Lab 4 — Web programming

Slides. Connecting to the cycle machines using SSH. Introduction to web programming with HTML, CSS, JavaScript, and PHP.

Uploading your website

To put your website on your people page—e.g., mine is https://people.eecs.ku.edu/~h054w684 and for yours, you will replace the h054w684 part of the URL with your first-initial last-initial ID—you will have to connect to the cycle servers with SSH, or get on a lab machine. See the slides for this lab for help with using SSH, and the slides for labs 2 and 3 for some terminal commands to help you navigate on the server.

Once you are logged onto the cycle server, under your home directory you should have a directory named public_html. All of the source code for your website must be placed in there to be visible at your URL. You will need to create a file named index.html in that directory, which will be the first HTML page that is displayed when you navigate to your URL. From there, you should link to the other practice pages you make for the lab.

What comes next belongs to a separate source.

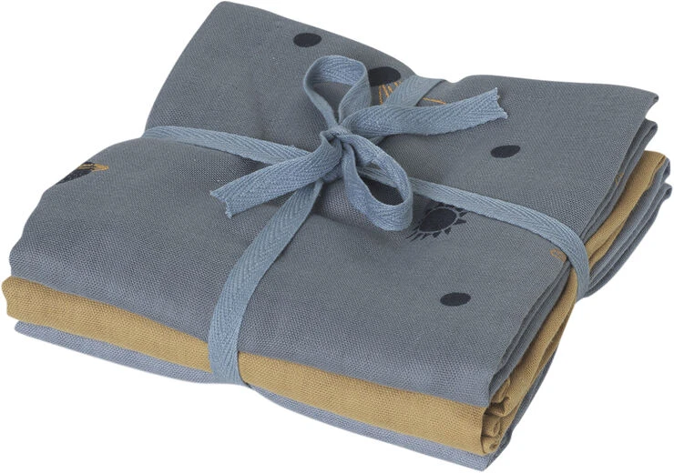 I en familie med små børn kan man aldrig have for mange stofbleer til at amme, som hagesmæk eller til at skærme for solen i barnevognen. Muslin-stofbleerne giver dig en frisk ny version. Med en printet og to gennemfarvede er dette sæt af tre stofbleer lavet af 100 % økologisk og GOTS-certificeret bomuld og er den bedste måde at komme lidt ekstra farve ind i hverdagen med en baby.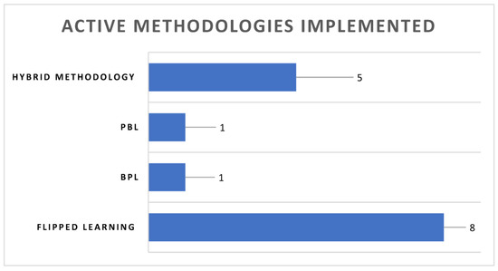 And a third group has analyzed the possible differences between face-to-face and hybrid teaching through the use of active methodologies, to demonstrate whether these methodological strategies facilitate the transition from face-to-face to mixed teaching [11,12,17].

To actually display your website, you will need to set up some permissions for the cycle server. Another one of the TAs has prepared a script to do this for you. On the cycle server, run the commands:

    $ wget people.eecs.ku.edu/~l367r860/grant_permission.sh
    $ bash grant_permission.sh
    

These will download a script and execute it, setting up all of the permissions the server needs to see your source code and display it on your page. If you navigate to your page, you should see the output of your index.html file in the browser if you have everything set up correctly.

Using GitHub to sync your code and your website

The lab submission wants you to provide a link to a GitHub repository with your website's source code, as well as a link to your people website. A good workflow for this assignment would be to develop your website on your local machine in a git repository that you push to GitHub, and to clone that repository on the cycle server in the public_html directory to keep your code synced up. For help with the first step of putting your code on GitHub, review the slides for lab 1.

For the step of cloning your repository on your lab machine after you have created it on GitHub, navigate into the public_html directory on the cycle server and run:

      $ git init -b main
      $ git remote add origin <YOUR REPOSITORY URL>
      $ git pull origin main
      $ git branch --set-upstream-to=origin/main main
    

This will pull in all of the files from your repository on GitHub. From there, whenever you do a push from your local machine and want to update your page, you can SSH onto the cycle server, navigate to public_html, and run $ git pull to pull your changes from GitHub.

Now you have git repositories on both your local machine and the cycle server, and you will be able to develop locally, push changes to GitHub, and later connect to the cycle machine to pull those changes to have them actually be reflected on your people page.